3

I have a very large file (80 GB) containing one sentence per line. I want to search for a user-given string for a match in this file (spaces, hyphens, case to be ignored).

Right now I have the file as text and I am using grep but it's taking a lot of time. What could be a better solution?

Example of contents of text file:

 applachian
 rocky mountains
 andes
 sierra nevada
 long mountain ranges of the world

Example of search query:

rocky (no match)
sierra nevada (match found)
  • What are you searching for? Is it "words", or "letters" or "phrases"? – aghast Apr 26 '17 at 16:36
  • Do you care about the ordering of sentences within the file? – Pedro Castilho Apr 26 '17 at 16:37
  • Next: are you doing this one time? Hundreds of times in a loop?
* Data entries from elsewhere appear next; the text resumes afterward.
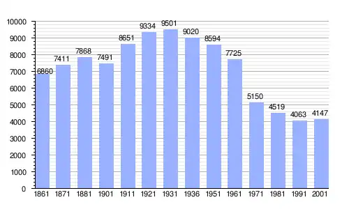 Gráfica de evolución demográfica de Villa Minozzo entre 1861 y 2001 |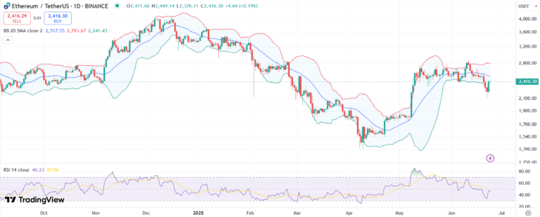 Actualmente, Ethereum cuenta con una capitalización de mercado de $290.86 mil millones y cotiza en torno a los $2.409. Desde una perspectiva técnica, el RSI ha subido a 48 tras haber estado cerca de la zona de sobreventa. Esto apunta a un sentimiento de mercado que está pasando de neutral a alcista.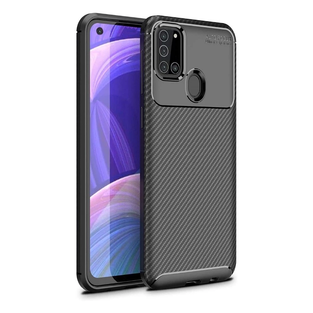 Teleplus Samsung Galaxy A21S Kılıf Negro Karbon Silikon Nano Ekran Koruyucu Siyah

In response to a web request? – aghast Apr 26 '17 at 16:37
  • 2
    Quick thought: you could split the text in several blocks and run as many threads, so they can search simultaneously. – Right leg Apr 26 '17 at 16:38
  • 2
    Generally, `set` and `dict` data structures are most effective for membership tests like the one you propose. – blacksite Apr 26 '17 at 16:39
  • Although `set` won't work if you care about repeated sentences. You need to provide more info about what exactly you want to do in order to get an appropriate response. – Pedro Castilho Apr 26 '17 at 16:40
  • @AustinHastings Entire sentence, and a large number of times in a loop. –  Apr 26 '17 at 16:40
  • @PedroCastilho There are no repeated sentences. And I don't care about the ordering. –  Apr 26 '17 at 16:41

2 Answers2

1

Based on your comment that you're searching for entire sentences:

Build an index of prefixes.

Sort the file. Next, process your file one time. Compute the length of the prefix needed to reduce a search to, say, 1000 sentences. That is, how many characters of prefix do you need to get within about 1000 sentences of a given sentence.

For example: "The" is probably a common starting word in English. But "The quick" is probably enough to get close, because "q" is low-frequency, to anything like "The quick brown fox ... etc."

One way to do this would be to put all prefixes up to a certain length (say, 40) into a Collections.counter. Find the maximum count at each length, and pick your length so that max is <= 1000. There may be other ways. ;-)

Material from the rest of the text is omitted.